AUGUSTA (AP) – Critics of a proposed Down East racetrack casino are accusing the Passamaquoddy Tribe of withholding information about investors.

But the tribe says there’s a simple reason why it’s not sharing the information. Tribal leaders say they haven’t lined up any outside investors to help build and operate the proposed racino, which is on the statewide ballot next month.

The issue was raised after Yes on Question 1, a political action committee created by racino supporters, began running a radio ad that mentioned that the racino would be “majority-owned” by the Passamaquoddy Tribe.

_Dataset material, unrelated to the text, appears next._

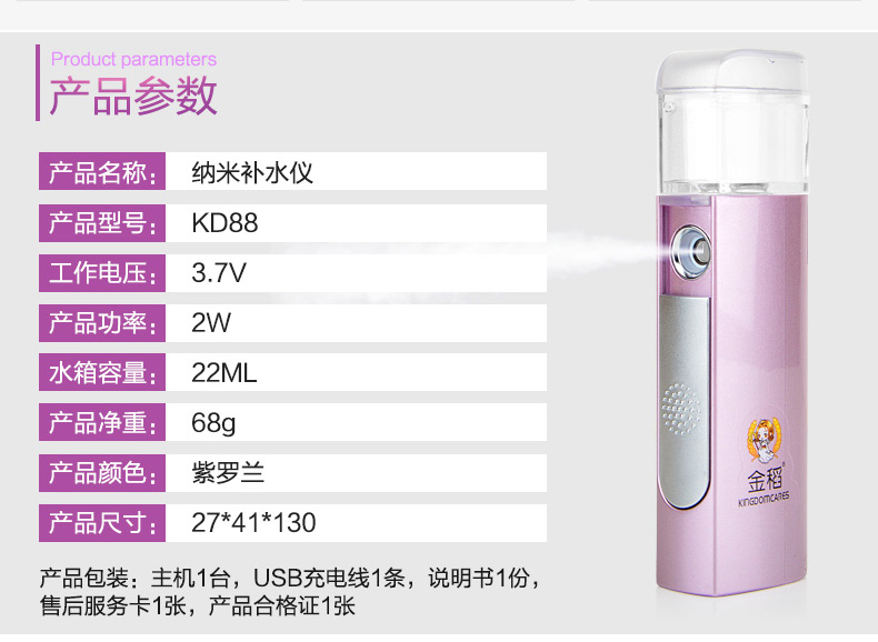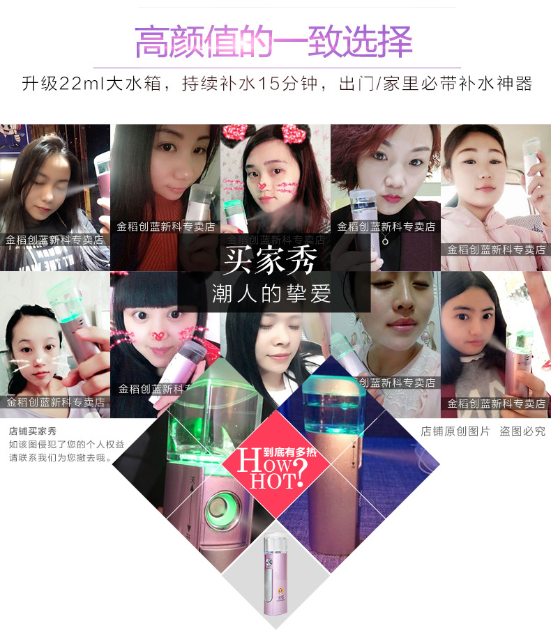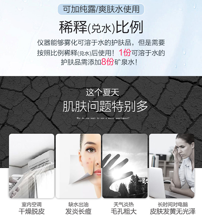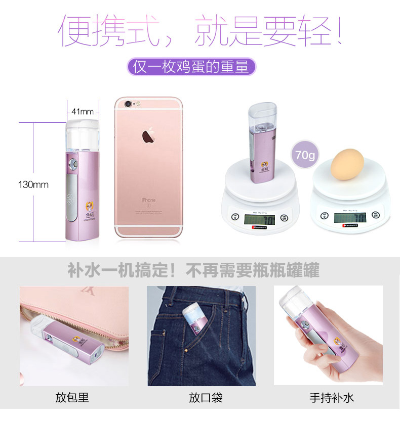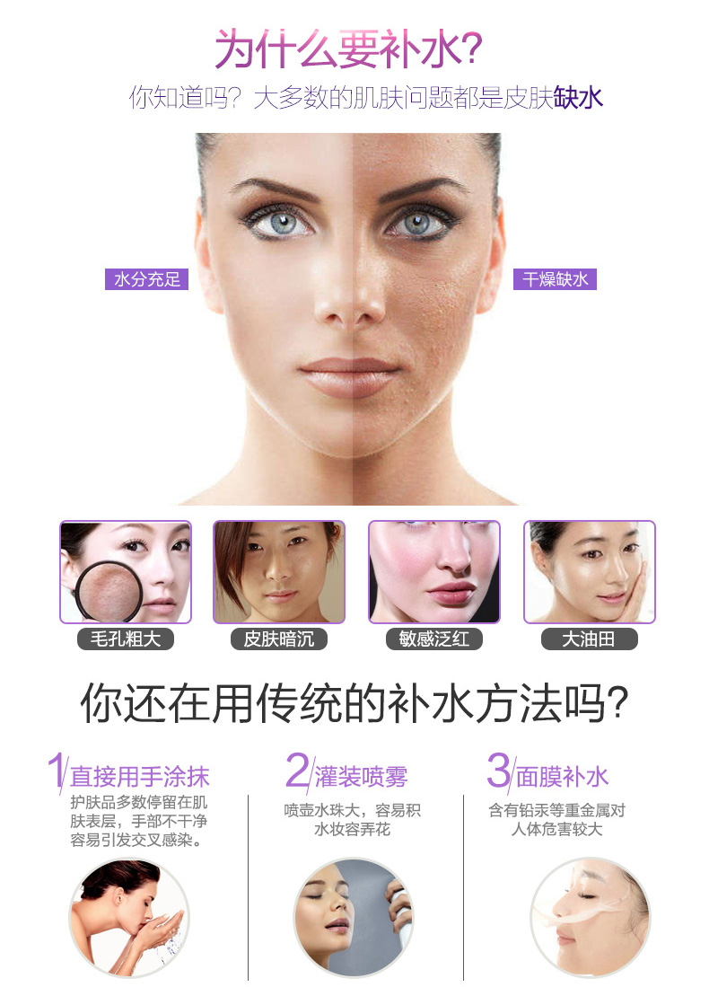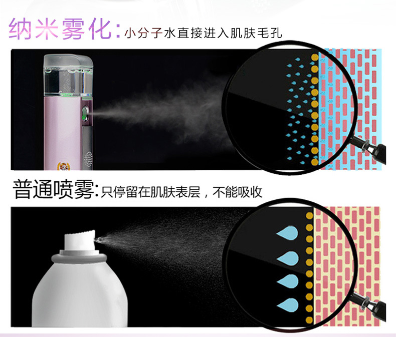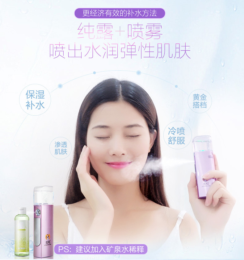 產(chǎn)品描述:納米離子補水均勻,出霧快節(jié)省等待時間,曬后修復舒緩皮膚,保濕補水滲透肌膚,冷噴舒服

Casinos No!, which opposes the racino, believes the tribe previously suggested that the tribe would be sole owner, but Passamaquoddies dispute that.

“I don’t think we’ve ever claimed we’d be the sole owner,” said Gov. Richard Doyle of the Passamaquoddy Tribe’s reservation at Pleasant Point.

If the tribe brings in other investors, the tribe will retain majority ownership of the racino, as noted in the radio ad, Doyle said.

Even if the Passamaquoddies are majority owners, voters should know who the minority investors are before they vote, said Dennis Bailey of Casinos No!

Doyle said referendum organizers are “just focused on the campaign” to win voter approval as the election draws near. The investors would come in later, he said. “We do expect that there may be investors, but that has not been determined yet,” he said.

Donald Soctomah, the Passamaquoddy Tribe’s representative in the Legislature, said the tribe will be calling the shots, not minority investors. “Casinos No! is trying to fog up the issue. They’re trying to confuse the voters,” he said.